Agence France Presse | November 8, 2001 | DAVID WILLIAMS
DOHA - After a 15-year struggle to join the World Trade Organization, China's admittance this week is likely to be as welcome for the other 142 members as it is in Beijing.
Uncertainty hangs over the main task of WTO members meeting in the Qatari capital Doha from November 9-13: trying to bridge wide differences and launch an expanded agenda of negotiations to topple trade barriers worldwide.
China offers at least one easy achievement, with its entry to the organization a mere formality since Beijing struck agreements with all the WTO members by offering concessions for its membership.
Television cameras nevertheless will carry the November 10 vote here live into homes across China, press reports say. For other countries, China's entry into the organization also offers the prospect of a boost to the flagging world economy, which has taken a hit from the September 11 terrorist attacks in the United States.
"China in particular is a big enough economy that as it liberalizes it is expected that trade growth will accelerate over the already fairly rapid pace," Brookings Institution analyst Nicholas Lardy told a recent conference in Washington.
"This will be big enough to have an effect on the GDPs (gross domestic products) of lots of countries and even to a limited extent the world," Lardy said.
China, easily the world's most populous nation with 1.3 billion people, had an economic output of 1.08 trillion dollars, exports of 249.2 billion dollars and imports of 225 billion dollars last year.

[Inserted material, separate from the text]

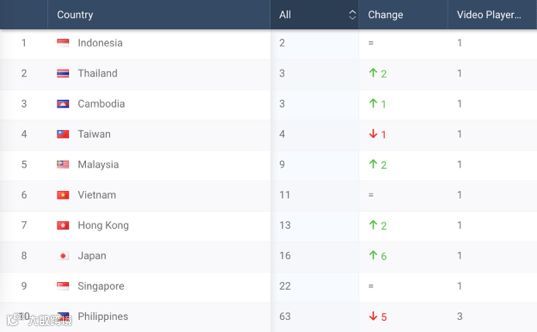 Tik Tok 在东南亚市场表现出色,在印尼、泰国、越南、马来西亚和菲律宾等国家 Google Play 总榜单排名均居前列。除菲律宾外,其他四个市场在视频子榜排名均为第一。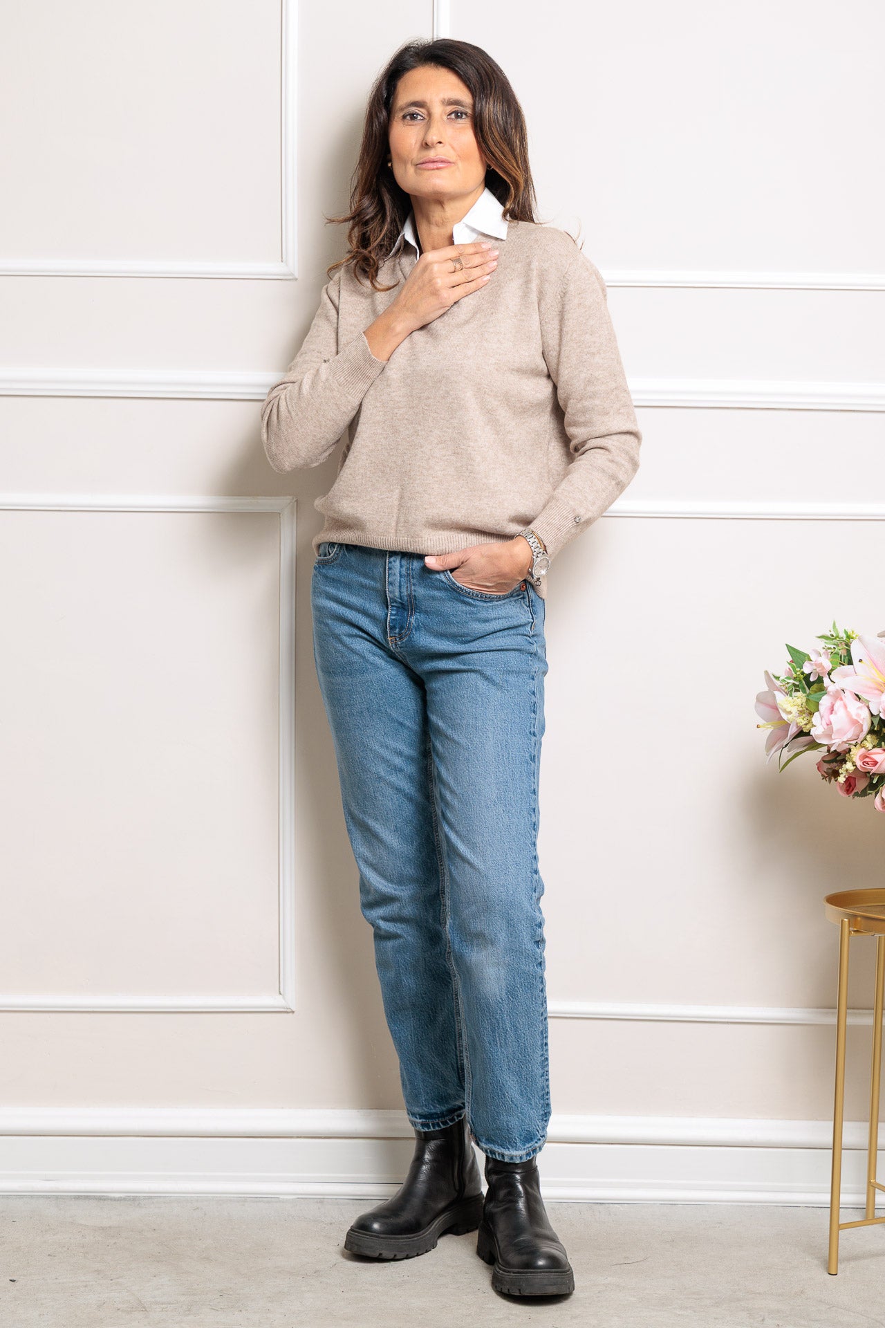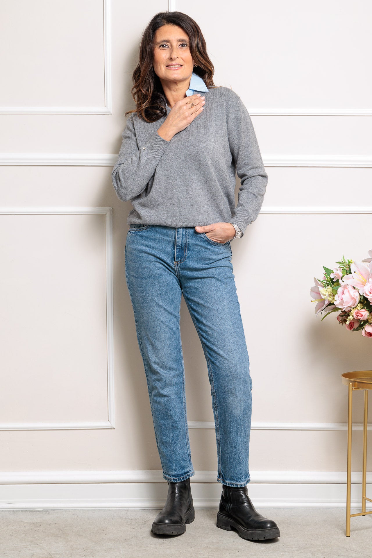 Maglione dalla vestibilità leggermente over colletto a contrasto in cotone, non rimovibile veste fino ad una TG 48

Besides the economic impact, China's entry will force tighter trade relations across the Taiwan Strait with archrival Taiwan, which Beijing has considered a rebel province since the end of a bitter civil war in 1949.
"It will certainly also be signifant eventually in terms of bilateral economic relations across the Straits," Lardy said.
"Taiwan will have to get rid of the prohibitions it now imposes on about half of all its tariff lines on importing products from China," he said, describing it as a move likely to accelerate trade between the two sides.
Despite the restrictions, Taiwan businesses have funneled more than 70 billion dollars into the mainland through overseas channels since Taipei allowed civilian exchanges and indirect commerce between the two sides in late 1987.
Opening up to the rest of the world would pose challenges for China, said Robert Subbaraman, an economist with Lehman Brothers in Tokyo, as its pampered industry faces competition with reduced protective tariffs.
The global slowdown is already eating into China's trade surplus, which plunged 29 percent in the first nine months of this year compared to the same period a year earlier.
"It is difficult to push through with reform if growth falls too sharply as reforms entail downsizing of the corporate sector and more layoffs," Subbaraman said.
China has already made big commitments to prise open the door to the WTO before coming to Doha, analysts said.
"The first thing to recognise is that China already agreed to more in so many areas than anybody else that it can come to these negotiations and watch everyone else squirm," Lardy said.
For example, China had agreed to eliminate all agricultural export subsidies when it entered the group, he said. Its domestic subsidies were at 8.5 percent, above the five percent in developed nations but still below the norm for developing countries.
China had supported many traditional views of the G77 group of developing nations, Lardy said, including its fear that labour become a protectionist tool and its scepticism about environmental standards.
"When you get right down to the pragmatics of the issue, though, China has been quite frankly far more foward looking on trade liberalization than many other developing countries."